As you were preparing this exhibition you must have spent many hours immersed in Cartier’s extensive archives?
Really one of the most exciting aspects of this project for me was the opportunity to see the archives. People were permitted to visit it up to the early 1990s but that is no longer the case. So I felt very privileged to go into the archives and found the most fascinating things there.
The archives are spread among Paris, London and New York. In which city did you find the choicest material for your exhibition?
They were all very useful but London was surprisingly so, because there was an international set living there, particularly in the 1920s and ’30s, many of whom were American. I found fascinating information about, say, Elsie de Wolfe, who seemed to pay more than anyone else for a set of 52 pearls in 1924 and Lady Cunard, who’s not very well known in America but who was a leader of London society in the ’30s, particularly around the circle of King Edward VIII and Mrs. Simpson.
Was that Nancy Cunard?
No, she was Nancy’s mother, known as Emerald Cunard. But she was born Maud Burke in Oakland and I particularly wanted to find people with San Francisco connections. But sadly I only turned up one address, in the Paris archives, and that was of a Mrs. Neustadter, the wife of a clothing manufacturer who made work wear, rather like Levi Strauss.
And what did Mrs. Neustadter commission?
A beautiful choker in 1908 made of diamonds. It’s very classical and very grand, with wreaths and acanthus ornaments and with a necklace suspended from it. We’ve got a photograph but not the actual object.
So along with the jewels and gems, the archives contain vintage photographs?
They’re all set up differently. Paris, quite naturally, has the most extensive archives. And in Paris there are plaster casts, which they used to make up until about 1915, as records of the finest pieces of jewelry. These were hung up in the workshops to remind the workers of what an object looked like in three dimensions. We’ve got two of them in the exhibition. And they also took full-size photographs, which they’ve maintained in albums.
Looking through these suddenly confirmed to me that American women bought tiaras, certainly up to the First World War. These tiaras, which are usually associated with European aristocracy, were purchased by Americans of the Gilded Age just as frequently. In fact, almost more so.
Did you make other discoveries about American taste and buying preferences compared to Europe?
There was an interesting switchover in about 1909 or 1910, when Americans became the most important clients for Cartier, buying some of the most lavish pieces. That’s particularly played out among the Vanderbilt women, who seemed to be vying with each other to commission the most fabulous pieces of jewelry. And, surprisingly, they’re often in the Neo-Byzantine style, which really accords more with what’s going on with Louis Comfort Tiffany in New York than with Parisian taste. So what it suggests to me is that the Americans are running the agenda, or at least a part of it.
You’ve mentioned that only one of these Vanderbilt commissions survives today. What is it?

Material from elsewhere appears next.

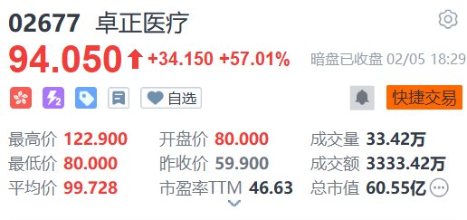 新股暗盘|卓正医疗暗盘收涨57.01% 一手赚逾1700港元

It’s a pendant from Mrs. Cornelius Vanderbilt III’s necklace. We have a photograph in the show from around 1909 of her wearing it along with the rest of her jewelry: a tiara commissioned the same year and a diamond-set rose bought from Cartier in 1904, which had belonged to Princess Mathilde, the niece of Napoleon. She’s pretty lavishly decked out in jewelry. And we also have a Cecil Beaton photograph from 1939 of her in her famous Fifth Avenue mansion wearing exactly the same suite of jewelry and looking, I’m afraid, a bit like a deflated balloon.
You write in the catalog about a scandal surrounding Grace Vanderbilt.
Yes, the family had disinherited her husband for marrying her. So there’s a lot of social history wrapped up with this subject.
What was her crime?
She was considered spoiled goods. She’d been previously engaged to John Jacob Astor and in the culture of the day that meant a woman didn’t get a second chance at marriage. So they regarded her as an adventuress, apparently, although she came from a perfectly respectable family in the South. Whereas by contrast, Cornelius’s cousin William K. Vanderbilt II married Virginia Graham Fair, known as Birdie Vanderbilt, about the same time. She came from San Francisco — she built the Fairmont Hotel — and she was the daughter of Senator James Fair, who had made his money in the Comstock Lode and who had been a poor Irish immigrant. So if you were going to object to anyone on a class basis you’d think they’d have objected to her, not Grace. But no, I think the money won out there.
So poor Cornelius III was completely cut off. How’d he pay his Cartier bills?
His father left a fortune of $73 million from which his brother generously gave him $6 million. And then an uncle died in about 1909 and left him the big Fifth Avenue mansion, which I think is why she was photographed then. Incidentally, she rose to become the matriarch of the family, which just goes to show that family disapproval doesn’t necessarily win out. Although, of course, it was the end for the Duchess of Windsor.
But your show proves that the former Wallis Simpson still did well by Cartier despite her new family’s disapproval.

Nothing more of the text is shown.